The process now used to develop the federal budget is biased toward the incremental, the short term, and the familiar. It also is piecemeal and fragmented, considering issues in narrow programmatic categories and giving most scrutiny to marginal changes in spending, largely ignoring tax policies. The way budgets are developed is too often blind to the major shifts sweeping over the nation’s economy and social structure. The result is little change and inadequate focus on national priorities or how to achieve them more efficiently.

An alternative, goal-focused “portfolio budgeting” approach would group together and thus look broadly across sets of closely related programs, tax provisions, and regulatory policies affecting common policy goals. Building on growing executive branch experience with strategic analysis and reviews, this approach would use policy makers’ time more efficiently by helping them focus on the biggest opportunities to adjust policies and resources to accelerate the achievement of major national goals and identifying breakthrough gains in productive use of resources.

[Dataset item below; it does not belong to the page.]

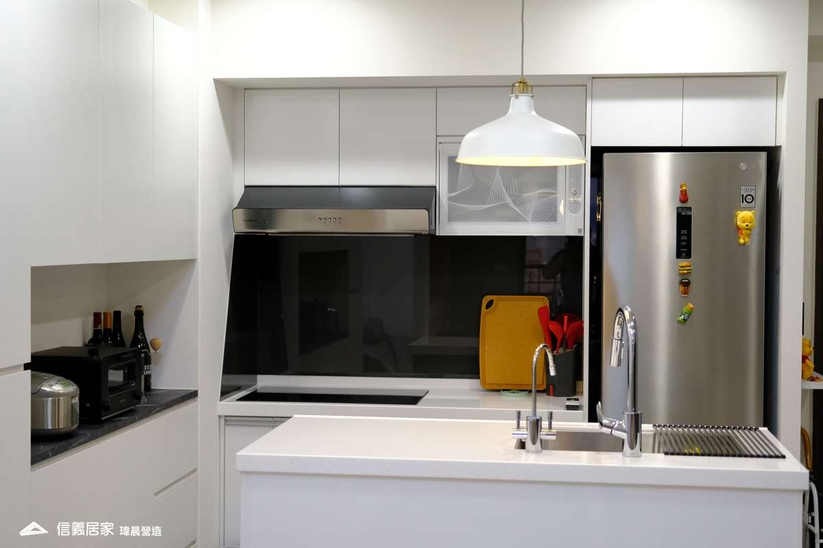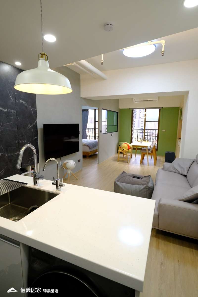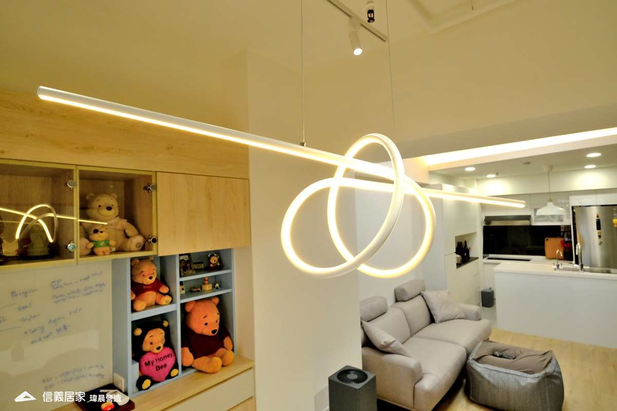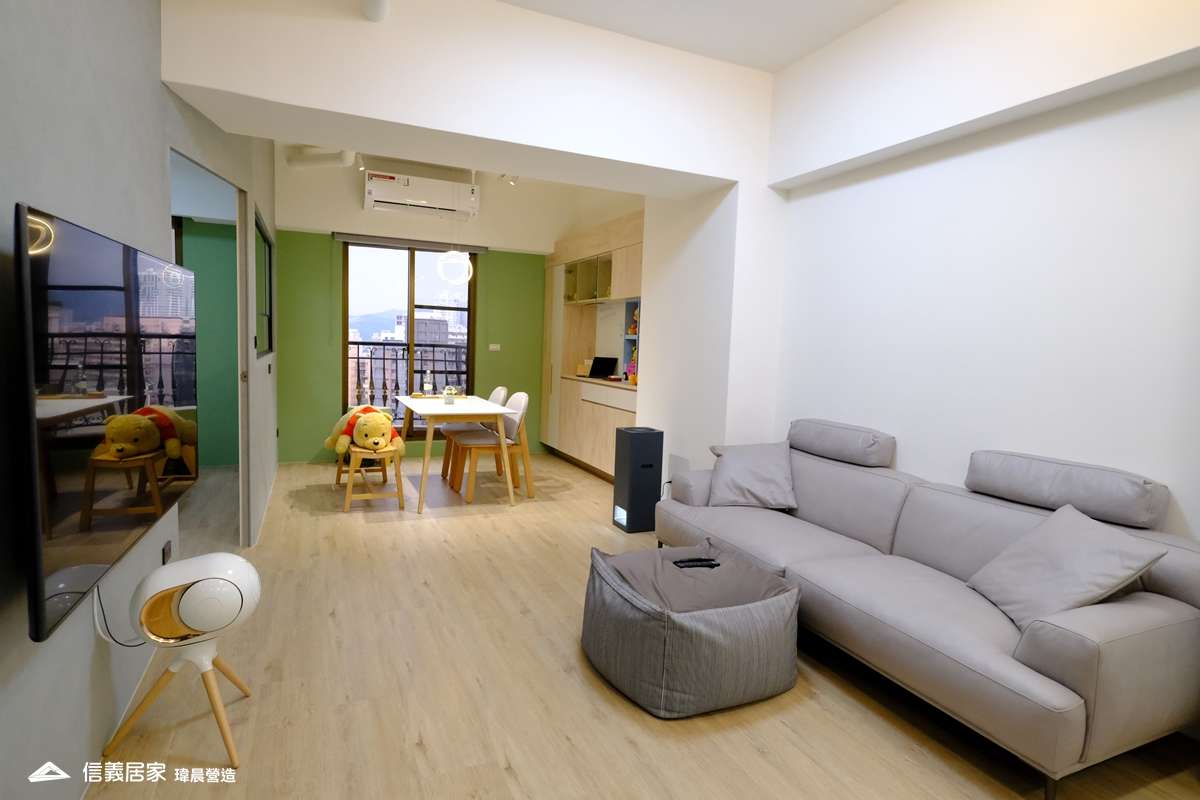 小坪數空間不僅客廳、臥室和中島廚房一應俱全,還能擁有一整面專屬熊熊的展示牆,未免太夢幻了吧!如何使看似難駕馭的明亮的草綠色與木紋系統櫃精準?來一探究竟完美空間的黃金比例!
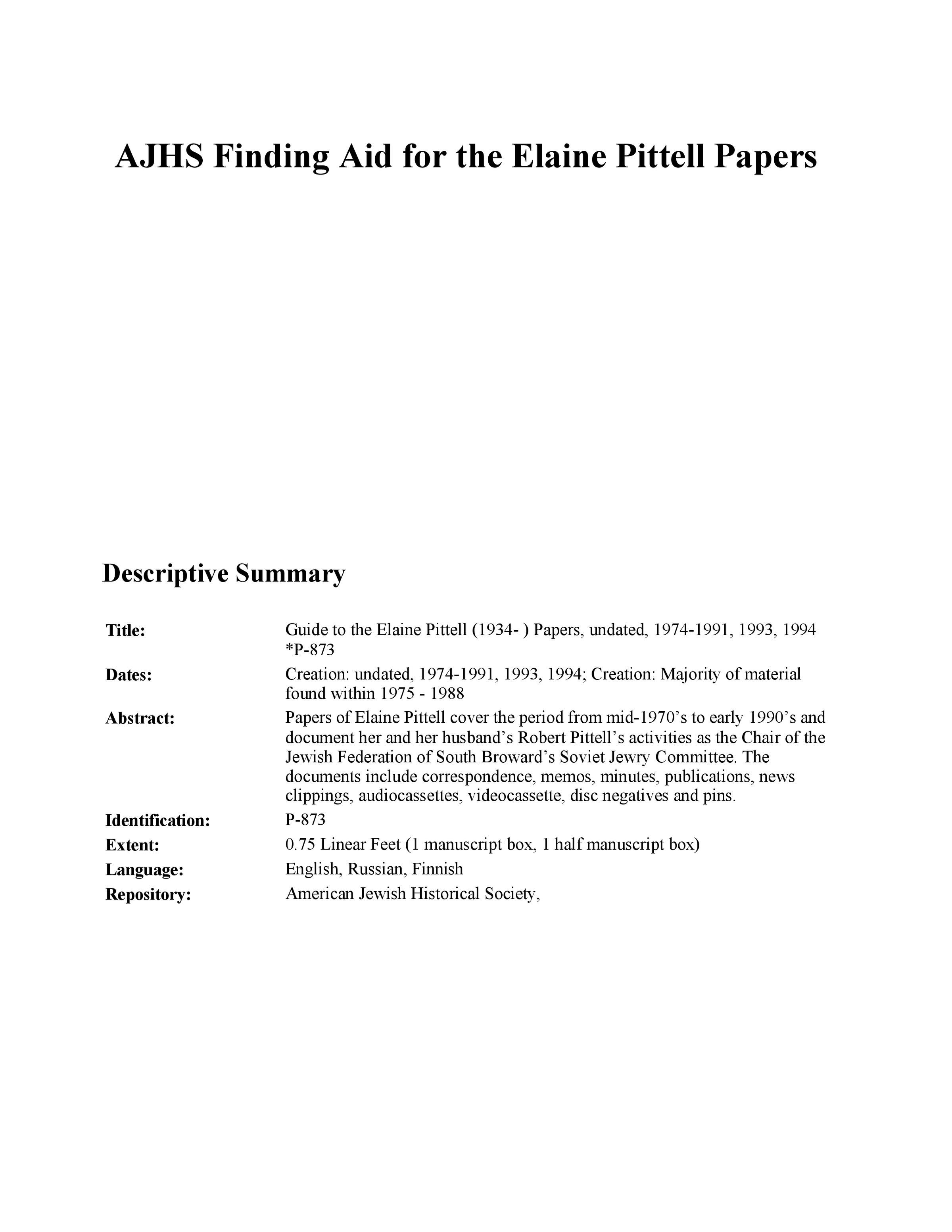 Union of Councils for Soviet Jews, Shcharansky, Anatoly, National Conference on Soviet Jewry (U.S.), Pittell, Robert, Nudel, Ida, Meir, Golda, 1898-1978, Begin, Menachem, 1913-1992, Wiesel, Elie, 1928-2016, Jewish Federation of South Broward, United Jewish Appeal, Jewish Federation of South Broward’s Soviet Jewry Committee

For a selected policy objective, budgeting would begin by identifying the set of federal policies, spending programs, regulations, tax preferences, and other activities that constitutes the relevant policy portfolio for analysis and budgeting. The relevant portfolio would cut across agency boundaries and congressional committee jurisdictions. As illustrated here for higher education policies, analysis would assess how effectively resources are being used to achieve a given policy goal and whether alternative policies could yield a better result at lower cost. The unit of analysis for budgeting would shift from programs to strategies, using a longer time horizon to estimate benefits and costs and new methods to analyze the behavior of complex systems.